[Dataset content]
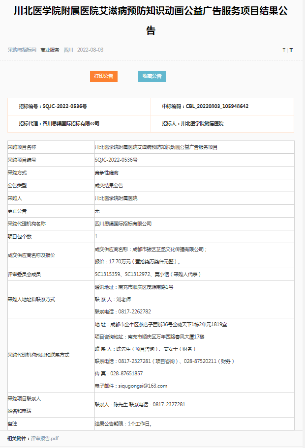 根据《中华人民共和国招标投标法》相关规定,现将我院川北医学院附属医院艾滋病预防知识动画公益广告服务项目结果公告如下。也可登录中国采购与招标网(网址:http://www.chinabidding.cn/sa/sichuan/)查询详情。
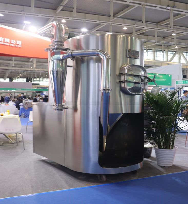 LPG系列高速離心噴霧干燥機也是健達干燥在本次展會上備受矚目的一款產品,其工作原理是空氣經過濾和加熱,進入干燥器頂部的空氣分配器,熱空氣呈螺旋狀均勻地進入干燥室。料液經塔體頂部的高速離心霧化器,(旋轉)噴霧成極細微的霧狀液珠,與熱空氣并流接觸在極短的時間內可干燥為成品。
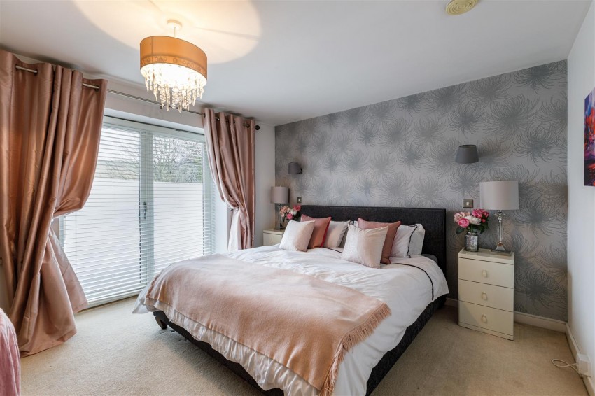 The property is entered at ground level via a multi-locking front door into a spacious hallway. To the ground floor there are three generous double bedrooms, with the principal bedroom benefitting from a dressing area and sumptuous en-suite. There is also a well-proportioned family bathroom and utility cupboard. The solid wood staircase leads you effortlessly to the heart of the home - a magnificent open-plan living space on the first floor. Here, the modern kitchen, lounge area, and dining space seamlessly merge, creating an ideal setting for relaxation and entertainment. The south facing floor-to-ceiling windows and bi-fold doors flood the room with natural light, illuminating every corner and offering picturesque views of the surrounding countryside. Step through the bi-fold doors onto the glass veranda, where you can enjoy al fresco dining or simply unwind while soaking in the tranquil atmosphere. There is a cosy family room, ideal for movie nights and a breakout space for the family. There is also a handy cloakroom for convenience.

[Task to carry out]
Take the material above from its first line through the line that has "LPG系列高速離心噴霧干燥機" and copy it exactly, without any pictures.

[Exercise response]
 根据《中华人民共和国招标投标法》相关规定,现将我院川北医学院附属医院艾滋病预防知识动画公益广告服务项目结果公告如下。也可登录中国采购与招标网(网址:http://www.chinabidding.cn/sa/sichuan/)查询详情。
 LPG系列高速離心噴霧干燥機也是健達干燥在本次展會上備受矚目的一款產品,其工作原理是空氣經過濾和加熱,進入干燥器頂部的空氣分配器,熱空氣呈螺旋狀均勻地進入干燥室。料液經塔體頂部的高速離心霧化器,(旋轉)噴霧成極細微的霧狀液珠,與熱空氣并流接觸在極短的時間內可干燥為成品。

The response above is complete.